**YOUR OBJECTIVE:**
Somewhere below, one line contains "이와 함께, 사전 알림" and a later line contains "This is a modfiied". Output those two lines and everything between them exactly, and nothing else.

-- RECORD EXCERPTS follows --

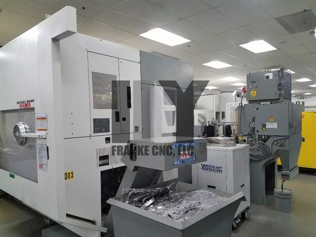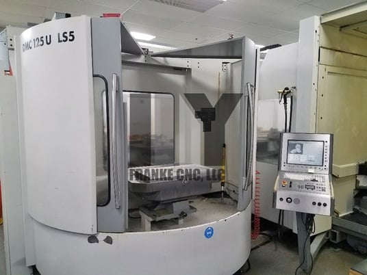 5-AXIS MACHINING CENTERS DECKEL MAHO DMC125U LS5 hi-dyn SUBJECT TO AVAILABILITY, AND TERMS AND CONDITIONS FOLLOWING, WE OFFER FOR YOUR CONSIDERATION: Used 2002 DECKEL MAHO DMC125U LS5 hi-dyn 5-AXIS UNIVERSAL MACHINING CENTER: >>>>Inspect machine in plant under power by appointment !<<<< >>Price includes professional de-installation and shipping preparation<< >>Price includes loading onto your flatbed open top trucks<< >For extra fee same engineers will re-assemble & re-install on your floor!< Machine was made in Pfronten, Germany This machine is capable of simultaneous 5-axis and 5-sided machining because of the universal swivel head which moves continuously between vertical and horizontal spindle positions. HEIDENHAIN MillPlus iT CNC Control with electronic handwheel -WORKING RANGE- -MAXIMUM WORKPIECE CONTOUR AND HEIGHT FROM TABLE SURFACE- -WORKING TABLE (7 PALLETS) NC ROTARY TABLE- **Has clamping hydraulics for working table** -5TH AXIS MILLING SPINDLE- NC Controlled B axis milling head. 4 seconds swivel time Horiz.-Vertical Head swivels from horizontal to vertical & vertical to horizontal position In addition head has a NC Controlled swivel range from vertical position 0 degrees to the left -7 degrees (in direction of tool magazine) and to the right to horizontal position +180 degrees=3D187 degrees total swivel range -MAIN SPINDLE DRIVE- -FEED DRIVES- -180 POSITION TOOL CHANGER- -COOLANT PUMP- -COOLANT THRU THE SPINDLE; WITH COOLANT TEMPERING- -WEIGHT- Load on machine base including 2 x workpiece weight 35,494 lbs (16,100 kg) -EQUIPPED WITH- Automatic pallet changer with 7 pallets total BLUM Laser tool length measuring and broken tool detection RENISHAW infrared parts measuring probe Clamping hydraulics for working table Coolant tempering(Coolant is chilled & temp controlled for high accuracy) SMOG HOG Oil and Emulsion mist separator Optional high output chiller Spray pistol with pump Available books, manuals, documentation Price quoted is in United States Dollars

-- RECORD EXCERPTS concluded --
-- RECORD EXCERPTS follows --

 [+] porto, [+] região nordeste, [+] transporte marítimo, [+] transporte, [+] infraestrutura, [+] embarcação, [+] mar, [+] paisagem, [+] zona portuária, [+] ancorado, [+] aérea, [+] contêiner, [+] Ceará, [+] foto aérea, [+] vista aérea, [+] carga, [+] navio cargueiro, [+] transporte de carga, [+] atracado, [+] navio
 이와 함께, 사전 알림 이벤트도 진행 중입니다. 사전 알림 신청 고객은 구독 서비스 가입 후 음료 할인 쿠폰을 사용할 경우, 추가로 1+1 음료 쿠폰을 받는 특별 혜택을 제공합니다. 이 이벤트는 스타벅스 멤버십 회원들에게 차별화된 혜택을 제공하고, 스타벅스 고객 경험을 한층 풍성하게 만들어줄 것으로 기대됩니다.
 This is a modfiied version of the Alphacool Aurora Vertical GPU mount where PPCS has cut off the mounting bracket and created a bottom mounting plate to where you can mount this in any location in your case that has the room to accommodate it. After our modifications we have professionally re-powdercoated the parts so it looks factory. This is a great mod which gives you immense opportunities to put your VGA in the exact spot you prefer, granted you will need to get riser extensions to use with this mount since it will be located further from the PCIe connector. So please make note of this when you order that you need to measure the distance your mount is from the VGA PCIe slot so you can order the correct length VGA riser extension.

-- RECORD EXCERPTS concluded --

**ANSWER SPACE:**
 이와 함께, 사전 알림 이벤트도 진행 중입니다. 사전 알림 신청 고객은 구독 서비스 가입 후 음료 할인 쿠폰을 사용할 경우, 추가로 1+1 음료 쿠폰을 받는 특별 혜택을 제공합니다. 이 이벤트는 스타벅스 멤버십 회원들에게 차별화된 혜택을 제공하고, 스타벅스 고객 경험을 한층 풍성하게 만들어줄 것으로 기대됩니다.
 This is a modfiied version of the Alphacool Aurora Vertical GPU mount where PPCS has cut off the mounting bracket and created a bottom mounting plate to where you can mount this in any location in your case that has the room to accommodate it. After our modifications we have professionally re-powdercoated the parts so it looks factory. This is a great mod which gives you immense opportunities to put your VGA in the exact spot you prefer, granted you will need to get riser extensions to use with this mount since it will be located further from the PCIe connector. So please make note of this when you order that you need to measure the distance your mount is from the VGA PCIe slot so you can order the correct length VGA riser extension.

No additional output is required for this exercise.